Deputy Speaker of the Parliament of the Cook Islands
- Incumbent
- Assumed office 9 February 2024
- Preceded by: Tai Tura

Member of the Cook Islands Parliament for Mitiaro
- Incumbent
- Assumed office 14 June 2018
- Preceded by: Tangata Vavia

Personal details
- Born: 4 February 1970 (age 56)
- Party: Cook Islands Party

= Tuakeu Tangatapoto =

Cook Islands politician

Tuakeu Tangatapoto (born 4 February 1970) is a Cook Islands politician and member of the Cook Islands Parliament. He is a member of the Cook Islands Party.

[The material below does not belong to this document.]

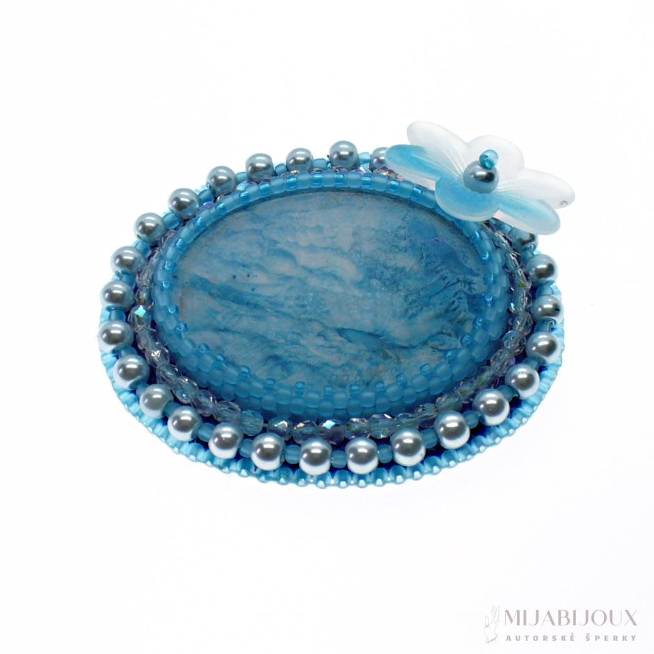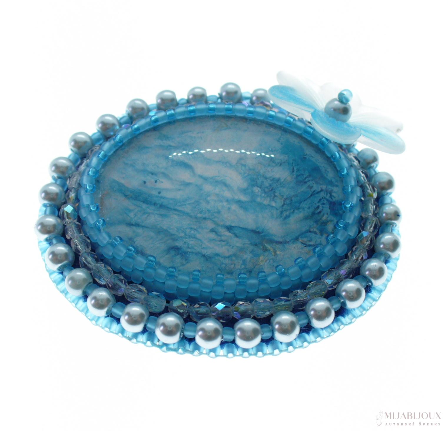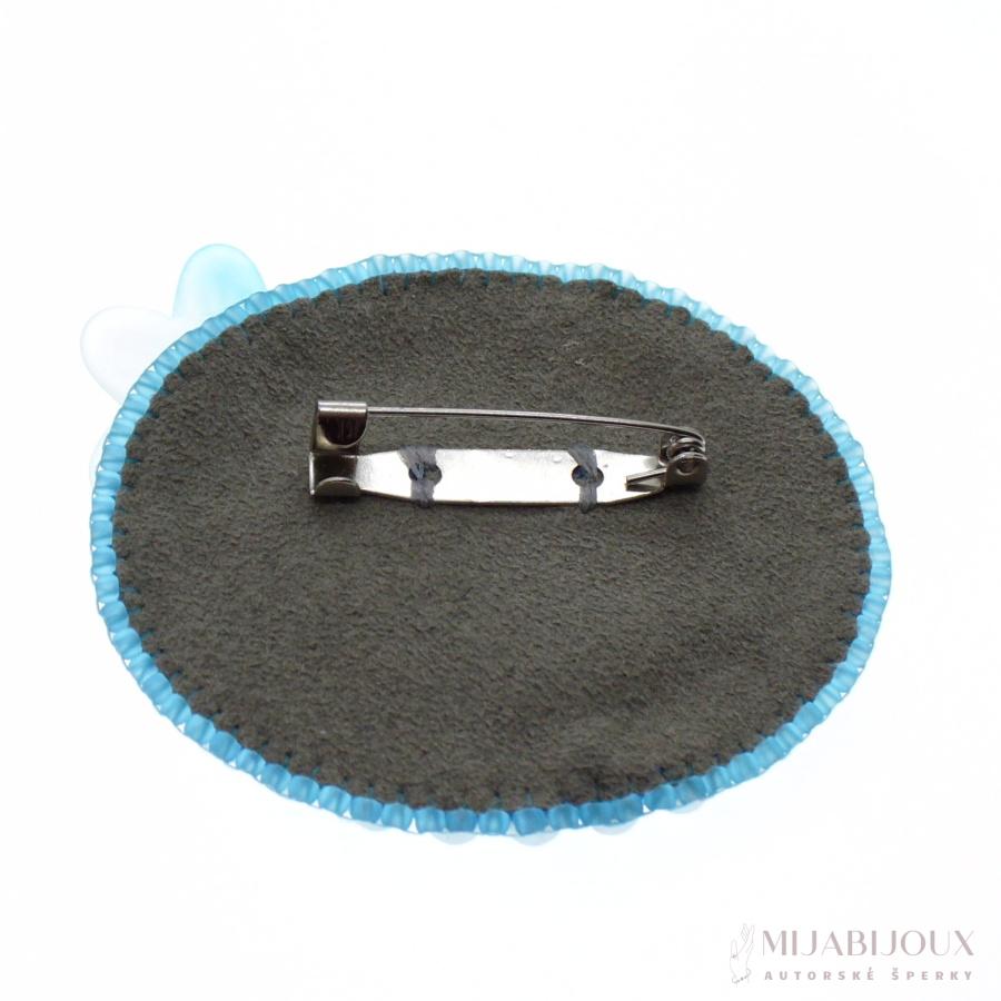 Tyrkysově modrá brož z malovaného kabošonu od Z-Art, který je obšitý japonským rokajlem Toho beads, skleněnými voskovanými perlami a skleněnými ohňovkami s pokovem.
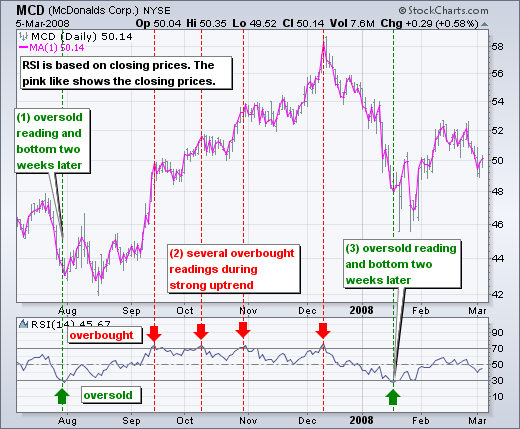 Wilder considered RSI overbought above 70 and oversold below 30. Chart 3 shows McDonalds with 14-day RSI. This chart features daily bars in gray with a 1-day SMA in pink to highlight closing prices because RSI is based on closing prices. Working from left to right, the stock became oversold in late July and found support around 44 (1). Notice that the bottom evolved after the oversold reading. The stock did not bottom as soon as the oversold reading appeared. Bottoming can be a process. From oversold levels, RSI moved above 70 in mid September to become overbought. Despite this overbought reading, the stock did not decline. Instead, the stock stalled for a couple weeks and then continued higher. Three more overbought readings occurred before the stock finally peaked in December (2). Momentum oscillators can become overbought (oversold) and remain so in a strong up (down) trend. The first three overbought readings foreshadowed consolidations. The fourth coincided with a significant peak. RSI then moved from overbought to oversold in January. The final bottom did not coincide with the initial oversold reading as the stock ultimately bottomed a few weeks later around 46 (3).

Tangatapoto is from Mangaia and was educated at Mitiaro School, Tereora College, and the University of the South Pacific. He worked as a government builder, acting Island secretary for Mitiaro, and as chief executive of Mitiaro's island government.

He contested the seat of Mitiaro in the 2014 election, and gained an exact tie with his rival Tangata Vavia. The tie was confirmed by a recount, and a by-election called, but the count was delayed by a court order. The court found that one person had voted illegally in the general election, and as a result Vavia was declared the winner and the by-election votes discarded without being counted. Tangatapoto subsequently defeated Vavia in the 2018 election.

He was re-elected at the 2022 Cook Islands general election. In February 2024, Tangatapoto was appointed Deputy Speaker of the Cook Islands Parliament.

Tangatapoto won re-election at the 2026 general election.